> **Task to carry out**
Verbatim output, no pictures: the lines from the beginning of the material through the line with "Контейнер для продуктов", both ends kept.

> **Exercise data**
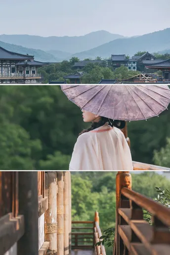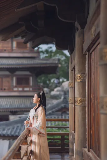 亭台楼阁,庭院深深几许, 雕梁画栋,南风轻轻微凉。
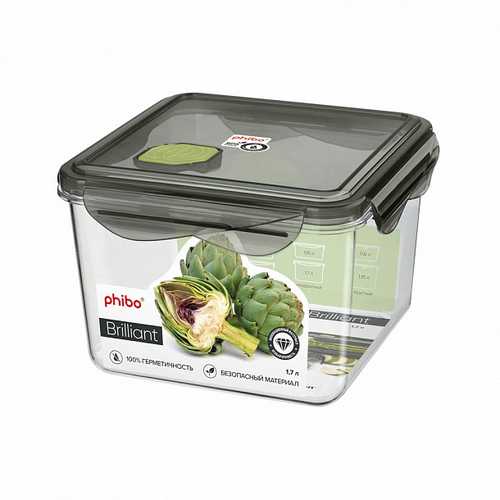 Контейнер для продуктов герметичный с клапаном "BRILLIANT" квадратный 1,7л (то)
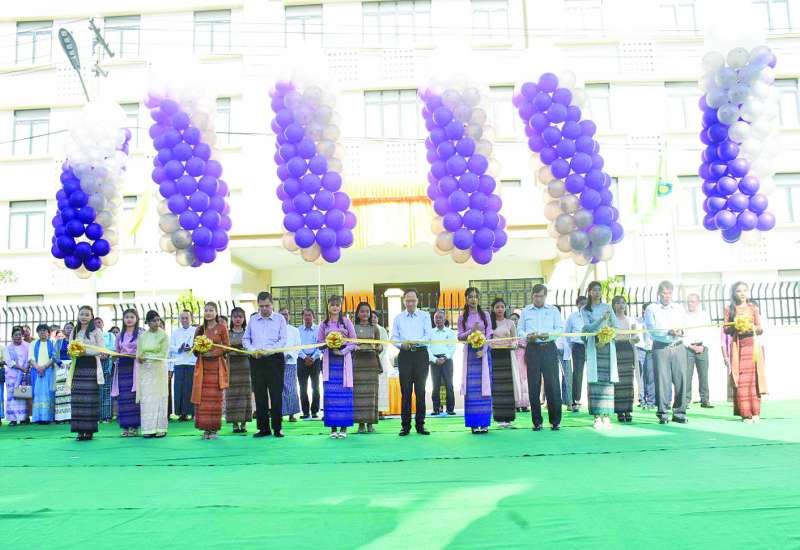 ဆေးဝါးတက္ကသိုလ် - ရန်ကုန်၏ အမျိုးသမီး (၁၁၀ဆံ့) အိပ်ဆောင် “ကံ့ကော်ဆောင်” ဖွင့်ပွဲကို ယနေ့ နံနက်ပိုင်းတွင်ကျင်းပရာ ကျန်းမာရေးဝန်ကြီးဌာန ပြည်ထောင်စုဝန်ကြီး ပါမောက္ခ ဒေါက်တာသက်ခိုင်ဝင်း၊ ရန်ကုန်တိုင်းဒေသကြီးဝန်ကြီးချုပ်နှင့် တိုင်းဒေသကြီးဝန်ကြီးများ၊ ကျန်းမာရေးဝန်ကြီးဌာနမှ ညွှန်ကြားရေးမှူးချုပ်နှင့် တာဝန်ရှိသူများ၊ ဆောက်လုပ်ရေးဝန်ကြီးဌာန၊ အဆောက်အဦဦးစီးဌာန၊ အဆောက်အဦအထူးအဖွဲ့ (၂) မှ တာဝန်ရှိသူများ၊ ဌာနအသီးသီးမှ ဖိတ်ကြားထားသော ဧည့်သည်တော်များနှင့် ကျောင်းသား ကျောင်းသူများ တက်ရောက်ကြသည်။
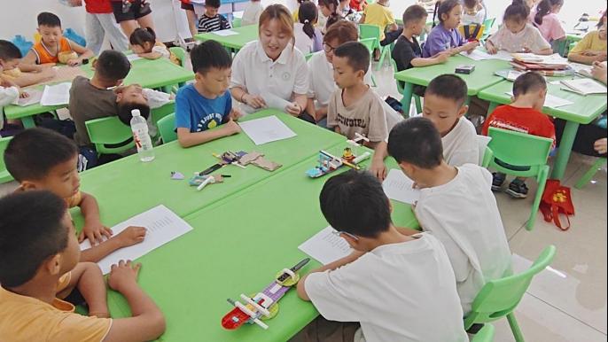 上午时段,志愿者以汉字起源为切入点,设计象形字猜谜游戏。从"日、月、山"等基础字形识别,逐步升级至组合字挑战,引导孩子们探索文字演变规律。活动尾声,孩子们共同完成"普通话推广"主题黑板报创作,用彩色粉笔描绘对语言文化的理解。

> **Answer**
 亭台楼阁,庭院深深几许, 雕梁画栋,南风轻轻微凉。
 Контейнер для продуктов герметичный с клапаном "BRILLIANT" квадратный 1,7л (то)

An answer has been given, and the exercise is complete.